ゼロ・ベースで刷新する政治的な決断の重要性
第3は、政府情報システムを概ねゼロ・ベースで刷新する政治的な決断の重要性である。まず、2016年度におけるIT予算の総額がどの程度かわかるだろうか。「約5354億円」というのが回答だが、IT予算は、(1)整備経費(新規開発や機能改修・追加といった情報システムの整備に要する一時的な経費)、(2)運用等経費(情報システムの運用、保守等に要する経常的な経費)、(3)その他経費(国の行政機関以外の情報システムに関係する経費等)の3つに分類される。
一般的にIT予算や建設・不動産といった世界では「新規開発は全体予算の2割にすぎず、残りの8割が維持管理費で失われる」という経験則が存在するが、5354億円のIT予算でも、新規開発などに関する「整備経費等」<(1)+(3)>が約1352億円(全体の約25%)であり、情報システムの運用などに関する「運営等経費」<(2)>が4001億円(全体の約75%)となっている。すなわち、大雑把にいうならば、IT予算の約8割がシステムの維持管理費となっており、2019年度のIT予算は約7000億円にまで膨張している。
また、そもそもデジタル政府の構築により、確実な給付と公平な負担を実現するためには、税制や社会保障に関するデータなど、いくつかの既存のシステムが保有するさまざまなデータを共有する必要があるが、その場合に2つの対処方法がある。一つは、パッチワーク的にいくつかの既存システムの修正を行い、データを共有する「対処方法Ⅰ」である。もう一つは、既存システムの一部を残すとしても、概ねゼロ・ベースで新たなシステムを構築する「対処方法Ⅱ」である。
「ムーアの法則」が一つの象徴だが、ITの世界では情報システムの性能向上のスピードが極めて速い。例えば、最新のパソコンの性能は数年前と比較にならないほど向上し、数年前のパソコンの値段は大幅に下落する。むしろ、古いパソコンを維持管理するほうがコストは嵩む。これは情報システムも同様であり、ビッグデータの処理を迅速かつ効率的に行うためには、対処方法Ⅱで最新のシステムを構築したほうが望ましいのは明らかだ。しかしながら、そのような判断は、なかなか難しい。
では、その理由の一つは何か。ここで重要な概念が、経済学の「サンクコスト(sunk cost)の呪縛」だ。サンクコストとは「過去に投じた費用であり、もはや回収できない費用」をいい、我々人間の判断や行動はときどき、サンクコストの呪縛に縛られることがある。例えば、20年前に50万円でパソコンを購入して大切に使用していたが、一部が故障してしまったとしよう。修理代が35万円かかるが、データ処理やソフトの性能が向上した最新のパソコンが30万円で購入できる場合、どのような判断が最適なのか。

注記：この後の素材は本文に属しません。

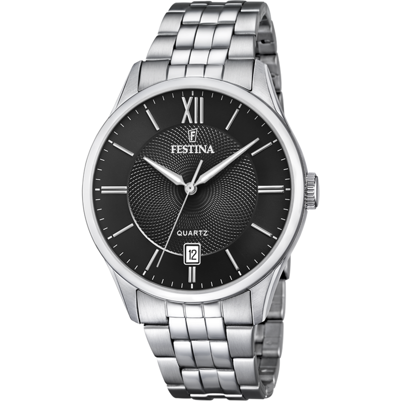 A Festina F20425/3 férfi karóra elegáns megjelenést és megbízható teljesítményt nyújt. A nemesacél tok és a nemesacél szíj harmonikus kombinációja időtálló stílust képvisel, amelyet a fekete számlap tesz egyedivé.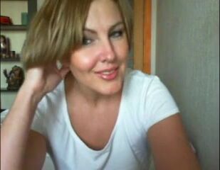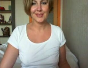 Sexy milf in white teasing on webcam

20年前のパソコン購入費用に50万円もかけているので、パソコンの修理を選択するケースが「サンクコストの呪縛」に相当する。この場合の正しい最適な判断は、修理代35万円と最新パソコンの購入費30万円を比較して意思決定を行うことだが、これは情報システムでも同様である。
しかも、この問題が複雑なのは、コスト以外の問題も存在する。複雑な構造に起因するシステム障害などのリスクだ。古いプログラミング言語(例:COBOLやFortran)やハード機器などで構築されたいくつかのシステムがあるとき、まずはそれら既存システムを維持しながら、データの共有を行う仕組みを構築して、システム統合を行う方法もある。他方、既存システムは完全にリセットし、最新のプログラミング言語やハード機器などを利用しながら、ゼロ・ベースで新たなシステムを構築する方法もある。今後の維持管理やデータの利活用を考慮すると、後者の政策判断が合理的だが、前者を選択してしまうケースが多い。

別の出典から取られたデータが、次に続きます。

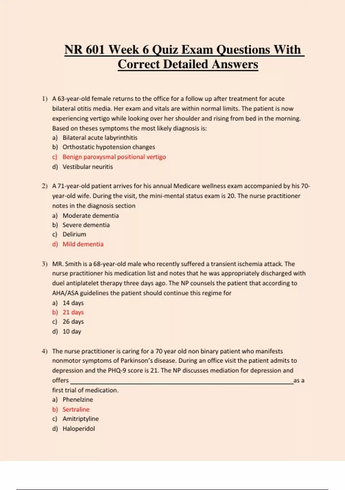 1) A 63-year-old female returns to the office for a follow up after treatment for acute bilateral otitis media. Her exam and vitals are within normal limits. The patient is now experiencing vertigo while looking over her shoulder and rising from bed in the morning. Based on theses symptoms the most likely diagnosis is: a) Bilateral acute labyrinthitis b) Orthostatic hypotension changes c) Benign paroxysmal positional vertigo d) Vestibular neuritis 2) A 71-year-old patient arrives for his annual Medicare wellness exam accompanied by his 70- year-old wife. During the visit, the mini-mental status exam is 20. The nurse practitioner notes in the diagnosis section a) Moderate dementia b) Severe dementia c) Delirium d) Mild dementia 3) MR. Smith is a 68-year-old male who recently suffered a transient ischemia attack. The nurse practitioner his medication list and notes that he was appropriately discharged with duel antiplatelet therapy three days ago. The NP counsels the patient that according to AHA/ASA guidelines the patient should continue this regime for a) 14 days b) 21 days c) 26 days d) 10 day

合理的な政策判断ができないのは、いくつかのリスクがあるからだ。最も大きなリスクは、新たなシステム構築で発生するかもしれないシステム障害である。例えば、2020年10月1日では、東京証券取引所でシステム障害が発生し、終日売買を停止した事件は記憶に新しい。政府情報システムでこのような事態が発生した場合のリスクを考慮すると、順調に動いている限り、既存システムはできるだけ変更したくないという慣性が働くのは当然だ。

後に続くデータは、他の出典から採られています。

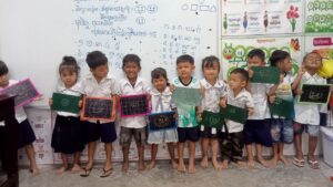 Every morning, Un Rim ensures her three daughters— Kim Heng (12), Kim Houy (10), and Kim Han (8) — as well as her nephew, Bi (8) wash before setting off for Koh Krishna Primary School. It’s a simple daily ritual that speaks volumes about how much life has changed for her family over the past year and a half.

しかしながら、抜本的な改革を先送りし、パッチワーク的なシステム統合や修正を継続した場合、データ共有などの複雑性が増大していき、いつかその仕組みは限界に達する。優秀なシステム・エンジニアでも、その複雑な内部構造を理解できなくなり、既存システムの修正でも不具合が発生してしまうことも出てくる。問題の本質は、抜本的な改革をいつ行うのかというだけである。
また、抜本改革を行う場合、将来的に新システムの修正・統合やデータの移行が必要になった場合でも、その内部構造を複雑化させないよう、クラウド等の仕組みを利用し、いつでも円滑かつ容易に実行可能な仕掛けを設計の初期段階からどう内在させるのかという視点も重要である。これは、思い切った政治判断がない限りはできない。一定のリスクがあることを承知で、すべての責任は政治が引き受ける強いメッセージや覚悟が必要である。むしろ重要なことは、抜本的なシステム構築の過程で発生する一定の失敗に寛容になり、それを教訓にしながら、デジタル政府の内容や質を迅速かつ的確に開発・改善していくという姿勢(いわゆる「アジャイル開発」)だ。